Dès que la pluie s'est calmée, nous sommes allées rouler notre bedon rond dans les côtes de Bristol (malgré une forte envie de faire un petit roupillon sur la banquette du pub), en marchant grosso modo vers l'ouest pour se retrouver dans Clifton, un quartier bien cool qui nous avait été recommandé. Une chance, parce que la première partie, près de la gare et au bord de l'eau, était un peu déprimante: ça nous a rappelé Portsmouth, mais sous la pluie en plus! Par contre, Clifton, c'est plein de petites maisons charmantes (vous remarquerez sur mes photos un style de balcon particulier que je n'ai jamais vu ailleurs), appuyées les unes sur les autres comme un jeu de domino dans des rues en pente raide, au détour desquelles on risque à tout moment de tomber sur un crescent majestueux.

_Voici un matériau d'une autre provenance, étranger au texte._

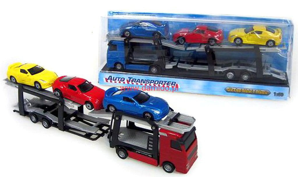 AUTO TRANSPORTER 1:60 + 3 AUTKA NA LAWECIE METALOWE 541756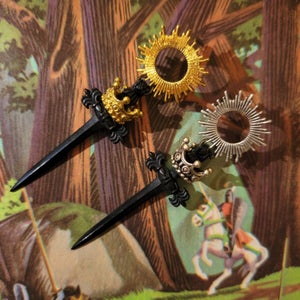 A sun shaped stud earring with black sword and crown charms. Studs and charms are all solid brass."
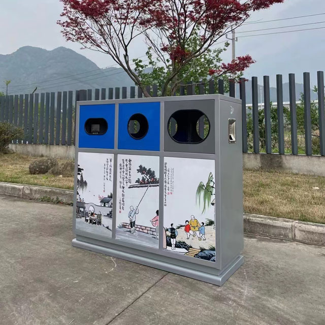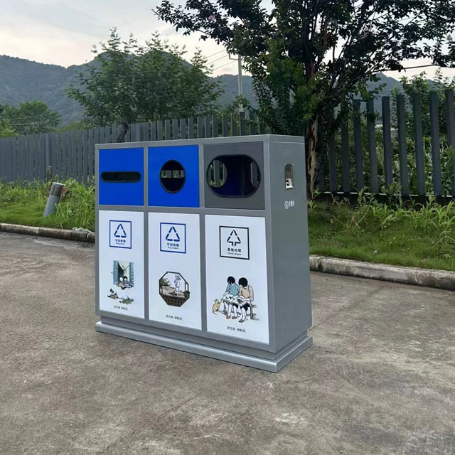 垃圾桶內(nèi)合理劃分可回收物、有害垃圾和其他垃圾三個(gè)區(qū)域。在城市街道上,行人喝完飲料后,可輕松將塑料瓶、易拉罐等可回收物放入相應(yīng)區(qū)域,這些物品將被回收再利用,實(shí)現(xiàn)資源循環(huán),減少資源浪費(fèi)。廢舊電池、過(guò)期藥品等有害垃圾,準(zhǔn)確投放到指定區(qū)域,避免對(duì)土壤和水源造成污染,守護(hù)城市生態(tài)環(huán)境。難以歸類的其他垃圾,也能有專門(mén)的投放位置。清晰醒目的分類標(biāo)識(shí)和簡(jiǎn)潔圖標(biāo),讓行人一眼就能明白如何投放,大大提高了垃圾分類的效率和準(zhǔn)確性,推動(dòng)城市垃圾分類工作順利開(kāi)展。人性設(shè)計(jì),方便行人投放

Tout le monde, sans exception, semble avoir une vue imprenable sur la campagne environnante... ou l'autoroute, c'est selon.

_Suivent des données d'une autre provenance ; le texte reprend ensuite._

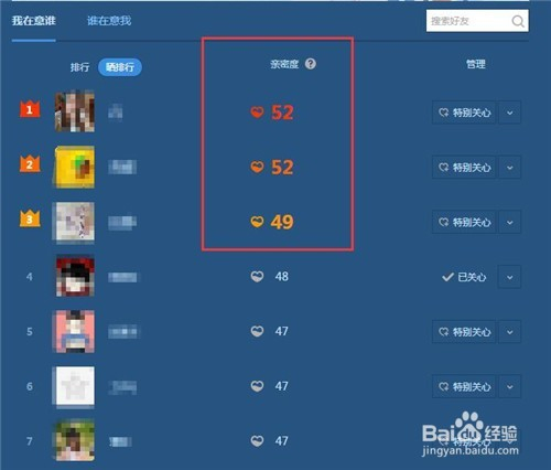 但我们可以点击状况栏的“老友”,点击“亲密度”,经由过程老友亲密度来判定,如下图所示:

Nous avons fait demi-tour après avoir atteint le fameux pont suspendu qui fait apparemment la renommée de la ville: je dois avouer que je n'en avais jamais entendu parler, mais j'avais déjà vu passer l'architecte, Isambard Kingdom Brunel (difficile d'oublier un nom pareil) en faisant des recherches sur les canaux de Londres. Nous avons traversé le pont une fois dans chaque sens (même pas peur!), puis grimpé le plus haut possible sur la colline. Avec le sentiment du devoir accompli, nous avons entrepris de redescendre jusqu'au harbourside pour essayer d'arriver avant la fermeture de M Shed, un musée tout nouveau, tout beau: il n'a pas encore un an! Avec moins de trente minutes à écouler avant la fermeture, nous avons réussi à faire un tour rapide de l'exposition de Norman Parkinson, mais il faudra y retourner pour la partie sur l'histoire de Bristol...

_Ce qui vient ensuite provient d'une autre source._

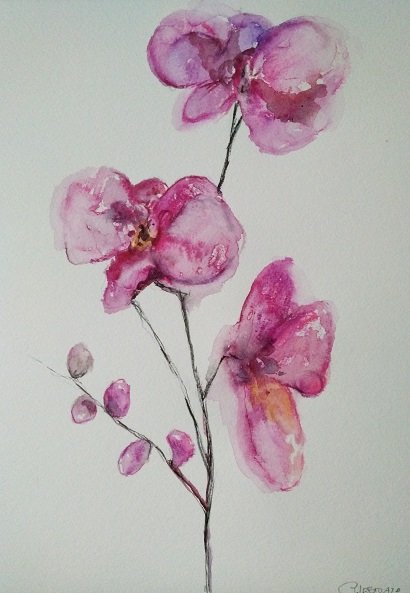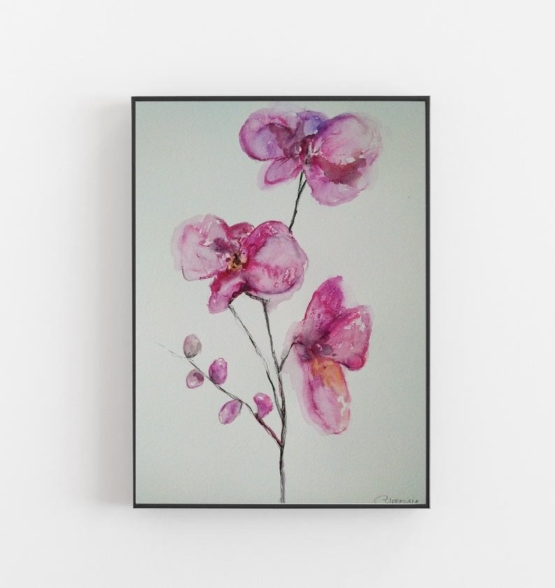 Praca wykonana farbą akwarelową na papierze akwarelowym 300g/m2, format A4. Przedstawiona jest w przykładowej ramie. Zapraszam :)

À partir de ce moment-là, nos pieds ne voulaient plus rien savoir: c'est bien beau quand il pleut, les chaussures en caoutchouc, mais ce n'est pas exactement propice aux longues marches – oui, je me répète, je finirai bien par apprendre! À défaut de trouver un pub pas trop louche où on pourrait s'asseoir, nous avons décidé d'aller attendre l'autobus directement au terminus. Mais ce n'était pas la fin de nos aventures, oh non! Quelques minutes avant le départ, Vanessa a réalisé qu'elle avait perdu une mitaine, qu'elle est retournée chercher en courant sur le plancher des toilettes d'un pub (rien de moins). Pour ma part, j'ai plutôt choisi d'oublier les miennes dans l'autobus, ce qui fait que nous avons attendu près de 45 minutes à Victoria, dehors (sans mitaines!), que le chauffeur daigne revenir de sa pause café pour me les rendre. Qui a dit que ma vie était dénuée de rebondissements?